More than 50 years since its discovery [1, 2], levodopa remains the gold standard in the management of motor symptoms of Parkinson’s disease (PD) [3]. Although several systems are affected in PD, including dopaminergic, serotonergic, noradrenergic, cholinergic, glutamatergic, opioid and endocannabinoid systems [4], it is the loss of dopamine within the nigrostriatal pathway that leads to the emergence of the cardinal motor symptoms of PD [5]. Exogenous levodopa therapy fundamentally restores synaptic dopamine levels in the striatum, which is essential for the correct execution of movements [6]. However, despite its efficacy, long-term levodopa use is complicated by alterations in motor response, such as the development of levodopa-induced dyskinesias (LIDs) [7]. About 30% of PD patients develop LIDs after only 3 years of levodopa use [8], and approximately 80% of PD patients will develop LIDs over the course of the disease [9, 10].

The mechanisms underlying LIDs are still unclear. Levodopa induces sharp increases in striatal dopamine levels, which are particularly elevated in PD patients who experience LIDs [11]. However, the notion that LIDs are only due to high exposure to levodopa, which progressively lowers the threshold for dyskinesias until the administered concentration of levodopa needed for its antiparkinsonian action will produce LIDs, making the responses inseparable and causing pronounced motor fluctuations between an ‘on’ condition with dyskinesia and an ‘off' condition with severe parkinsonism [12], has been questioned recently [13]. In PD patients who experience LIDs, the administration of a high dose of levodopa induces an antiparkinsonian response and dyskinesias at a comparable threshold. This observation indicates that the therapeutic window between the antiparkinsonian response and dyskinesia does not exist, except for the period before the emergence of dyskinesia, and that also other pathways are needed for the development of LIDs [13]. Another recent study has corroborated this hypothesis [14•]. Elevated putaminal dopamine release was present in de novo PD patients and was associated with an increased risk of later development of LIDs. This suggests that early compensatory changes in striatal dopamine turnover could be a disease-intrinsic predisposing factor for the development of LIDs, maybe due to changes in non-dopaminergic pathways and not related to the long-term exposure to levodopa [14•]. A large number of studies have demonstrated that LIDs rely on a sequence of events, including abnormalities in corticostriatal neurotransmission, postsynaptic changes in proteins and gene expression, altered neuronal firing and plasticity [15, 16].
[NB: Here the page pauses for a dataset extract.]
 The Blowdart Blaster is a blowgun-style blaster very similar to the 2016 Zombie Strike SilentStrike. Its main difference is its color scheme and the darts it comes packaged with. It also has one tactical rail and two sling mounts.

Molecular imaging modalities are able to identify minimal alterations at the nanomolecular level, and this is a prerequisite to understand subtle changes in brain activity [17, 18]. Positron emission tomography (PET) molecular probes bind a target, such as a receptor, a transporter or an enzyme, with high specificity and power of resolution [17]. PET molecular imaging has revolutionized the possibilities to gain insight into human brain biology and beyond this to understand the physiology and the pathophysiology of neurological diseases [17, 18]. PET radiotracers have provided invaluable insight into the mechanisms underlying LIDs, and have been used to measure dopaminergic [19], serotonergic [20], noradrenergic [21], cholinergic [22], glutamatergic [23], adenosinergic [24], opioid [25] and cannabinoid systems [24], phosphodiesterases [26] and other targets [27].
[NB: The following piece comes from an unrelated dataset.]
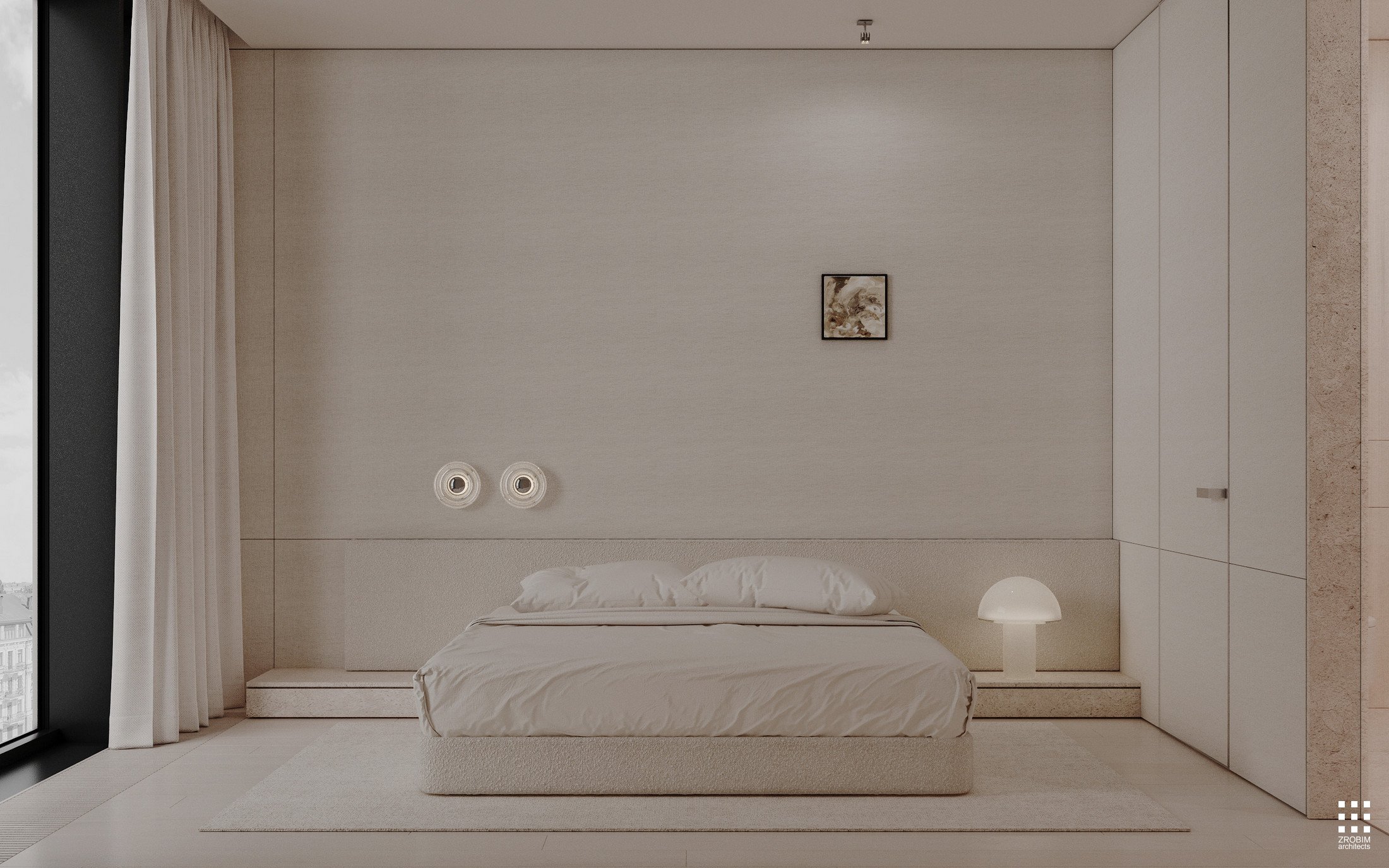 This interior is about balance: between the rhythm of the city and privacy, between minimalism and art, between cold architectural austerity and vibrant, warm textures. A space that appears restrained but feels profound.

This review describes the current status of PET molecular imaging of LIDs, and its relation with the underlying mechanisms of PD.

Presynaptic and Postsynaptic Mechanisms of LIDs

Multiple components of the network between basal nuclei and cortex have been recognized as a substrate for the development of LIDs. At the molecular level, changes in signal transduction and neurotransmission occurring in specific populations of neurons have been linked to the emergence of LIDs [16].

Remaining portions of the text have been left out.